Out of all the controversial scenes in HBO’s Game of Thrones adaptation, none has drawn more fire than a sex scene between Cercei and Jaime Lannister in season four that many viewers considered rape. While standing over the corpse of their dead child, Jaime is overcome with emotion and pulls his sister to the floor where they have sex. As written by George RR Martin in the books, the incident was messed up but still explicitly consensual.
The show lacked that essential ingredient of clear consent on Cercei’s part, a fact that couldn’t be ignored even after the people who made the episode said they never meant to imply it was rape. And nearly a year later the scene still lingers in the minds of many, which is impressive considering how dark things get in Westeros on the regular.
To clear things up, Lena Headey and Nikolaj Coster-Waldau spoke to Entertainment Weekly in depth about the fallout from unintentionally filming a rape scene.
“It’s that terrible thing as a women — talking about something as horrendous as rape and dismissing it, which I’m not. But we never discussed it as that,” Headey told EW on the Thrones set in Dubrovnik. “It was a woman in grief for her dead child, and the father of the child—who happens to be her brother—who never really acknowledged the children is standing with her. We’ve all experienced grief. There’s a moment of wanting to fill a void, and that is often very visceral, physical. That, for me, is where she was at. There was an emotional block, and [her brother] was just a bit of a drug for her.”

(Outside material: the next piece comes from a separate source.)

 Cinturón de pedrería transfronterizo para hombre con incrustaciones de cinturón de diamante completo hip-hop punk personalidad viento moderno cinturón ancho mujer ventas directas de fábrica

Coster-Waldau was initially hesitant to talk about this subject, as is to be expected. Sitting in a bar in Spain, the actor said: “I’ve spoken to a lot of people [privately] about this. I haven’t spoken to the people who got the most upset, because they were online. Most people I spoke to got from the scene what we were trying to show — a very complicated relationship, and two people in desperate need for each other. All these emotions going through them, it was never intended to be something where he forced — it wasn’t a rape, and it was never intended to be. But it’s one of those things where you can’t [publicly] say ‘it wasn’t rape,’ because then everybody goes, ‘How can you say it wasn’t rape?!’ But that was definitely not the intention.”

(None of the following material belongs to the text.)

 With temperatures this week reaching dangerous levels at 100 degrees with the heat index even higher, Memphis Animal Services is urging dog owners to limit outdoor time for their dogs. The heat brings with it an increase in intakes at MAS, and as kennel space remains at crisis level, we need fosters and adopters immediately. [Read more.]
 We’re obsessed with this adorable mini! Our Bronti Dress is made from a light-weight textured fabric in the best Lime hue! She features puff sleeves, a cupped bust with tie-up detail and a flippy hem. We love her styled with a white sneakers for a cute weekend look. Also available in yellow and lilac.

It makes sense that the subject would resonate at a time when rape is a huge issue. Regardless of who is right or wrong (or if there even is a right or wrong here), the conversation itself is what’s important. People are watching the scene – a complicated scene featuring a complicated relationship – and they’re discussing what may take it too far and how.
It may seem a bit silly debating a sex scene set in an imaginary world, but if important issues didn’t cross over into pop culture sometimes, a whole segment of the population may never even consider them at all. And at a time like this, a conversation about consent doesn’t hurt anyone, least of all two fictional characters from a fantasy series.